Yesterday, 200,000 Syrian refugee children will have the chance to return to school in Lebanon — some of them for the first time in more than four years. It was because of join efforts from the public and private sectors that these children are able to continue their education due to the innovative double-shift schooling system recently proposed through a collaboration with Theirworld, A World at School, and GBC-Education.

This year’s UN Global Compact private sector forum, taking place just days before Lebanon’s first day of school, demonstrated the way that many businesses are moving beyond the idea of contributing to efforts like increasing access to education to the world’s out-of-school youth. The private sector’s entrance won’t just disrupt the old humanitarian order: It needs to disrupt the old humanitarian order in order to make a lasting impact. Governments and NGOs are the first to admit that they cannot deliver the new Sustainable Development Goals alone, and increasingly private sector has a business case to help them do so. Every speaker from the UN, including Secretary-General Ban Ki-moon, acknowledged the limits of what the institutions can do. The sweet spot lies in the creation of new alliances, harnessing not just the money that business can donate, but the ingenuity, creativity and networks it can unleash.

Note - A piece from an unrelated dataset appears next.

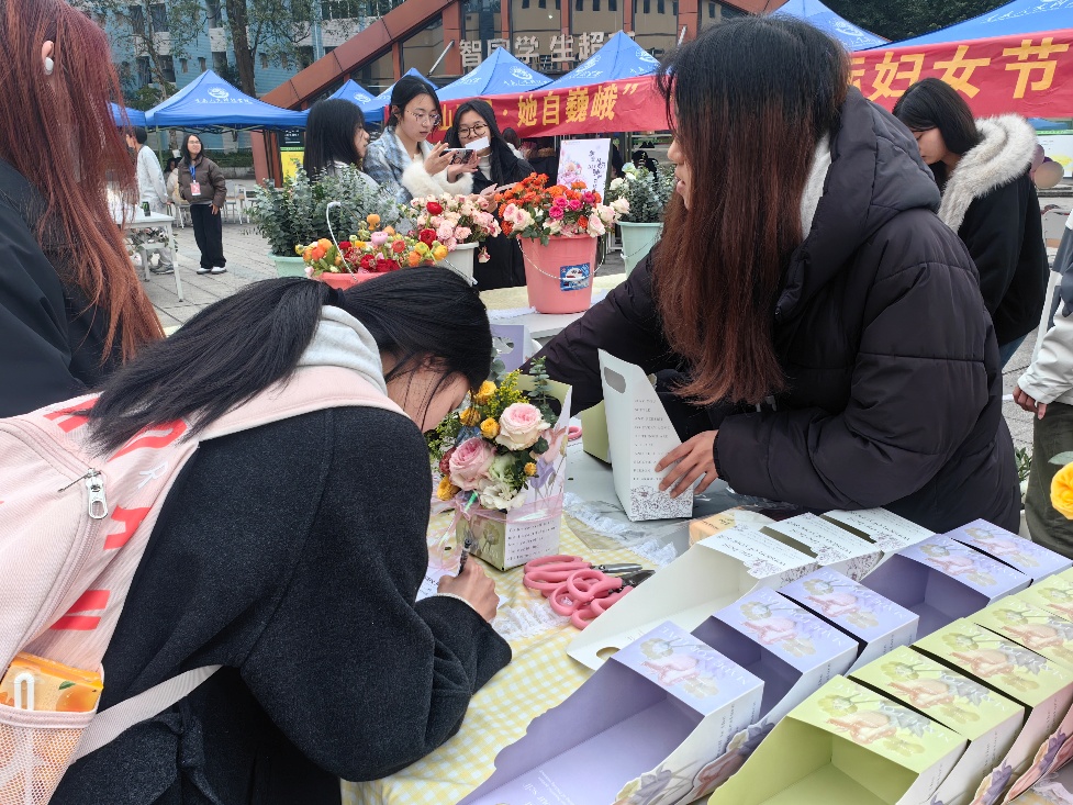 为庆祝第115个“三八”国际妇女节,弘扬新时代女性力量,2025年3月8日,由团工委主办,建筑与设计学院团总支承办的“青山不墨,她自巍峨”主题活动在智园民族团结广场顺利开展。通过甜点制作、创意插花、非遗戳绣、美妆体验等活动吸引了近五百余名师生热情参与。
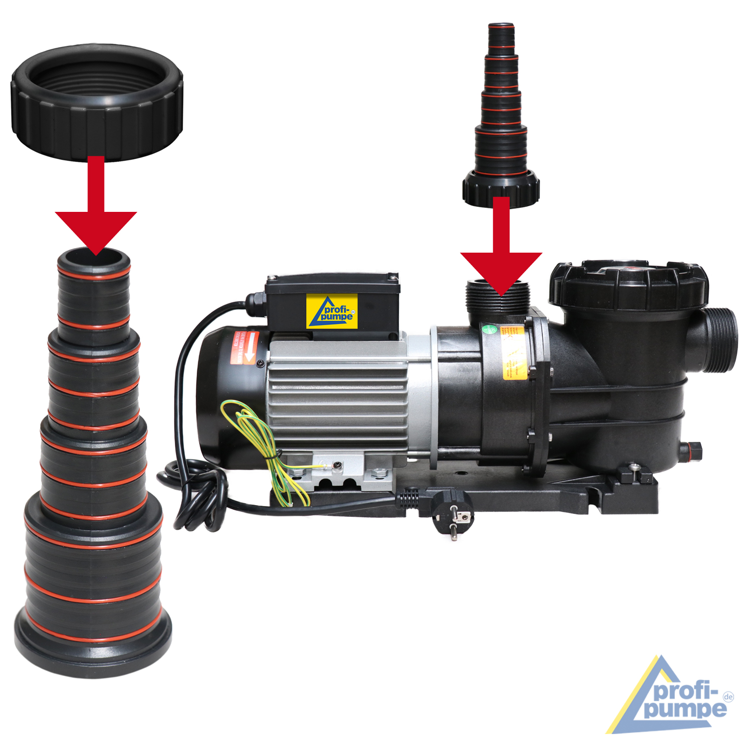 Die im Lieferumfang enthaltenen Stufenschlauchtüllen erlauben die Verwendung unserer POOL-STAR-Poolpumpen unter unterschiedlichsten Einbausituationen.

So rather than a company like IKEA being asked to contribute to a fund for refugees, it is coming up with ingenious ways to provide affordable shelter. As Mark Zuckerberg explained to us, Facebook’s best contribution is to get refugees online – for every ten people connected, one is lifted out of poverty. Companies like Microsoft and GEMS are coming up with ingenious tech solutions to get schooling where NGOs can’t go – education without borders. If we are able to map where the gaps are in humanitarian delivery, we should be able to matchmake companies with the actions they can take.

GBC-Education is at the heart of this effort. We want to act as a galvaniser of new ways of confronting old challenges; a connector of private sector ideas to humanitarian problems; and an amplifier of the work already underway. Just as governments commit 0.7% of their GDP to fight poverty, the private sector, and individual citizens could commit 0.7% of their profits, and more importantly time. Get this right, and we move beyond CSR as Corporate Social Responsibility to CSR as Corporate Social Results. Please don’t wait to be asked to help.